**Supplied material**:
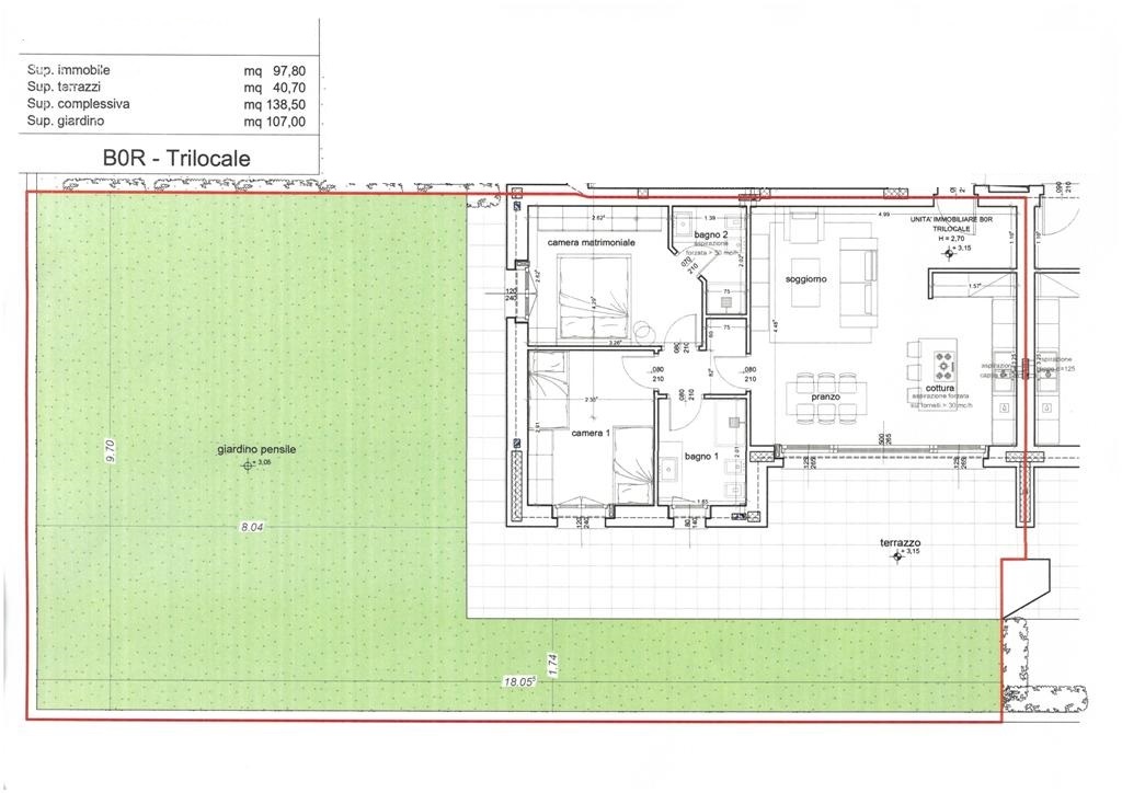 In Intra, in contesto di nuova costruzione, si vende splendido appartamento trilocale di mq. 97,80. Ampio terrazzo e giardino di 107 mq.
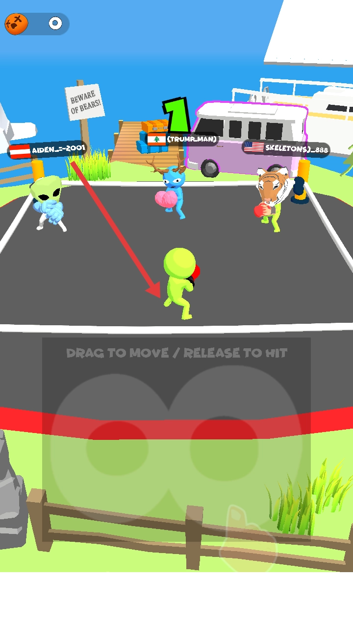 1. 点击“TAP TO START”启动,操控绿色拳击人物,在户外场地与其他角色进行对战,借助“DRAG TO MOVE / RELEASE TO HIT”机制展开战斗。
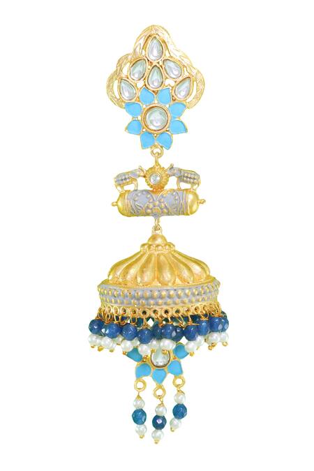 Floral motif top with enamel detail, Cluster bead drops with pearl accents, Carved detailing on jhumkas

**Activity**:
Here the job is to print all the data exactly, skipping any image.

**Solution for this problem**:
 In Intra, in contesto di nuova costruzione, si vende splendido appartamento trilocale di mq. 97,80. Ampio terrazzo e giardino di 107 mq.
 1. 点击“TAP TO START”启动,操控绿色拳击人物,在户外场地与其他角色进行对战,借助“DRAG TO MOVE / RELEASE TO HIT”机制展开战斗。
 Floral motif top with enamel detail, Cluster bead drops with pearl accents, Carved detailing on jhumkas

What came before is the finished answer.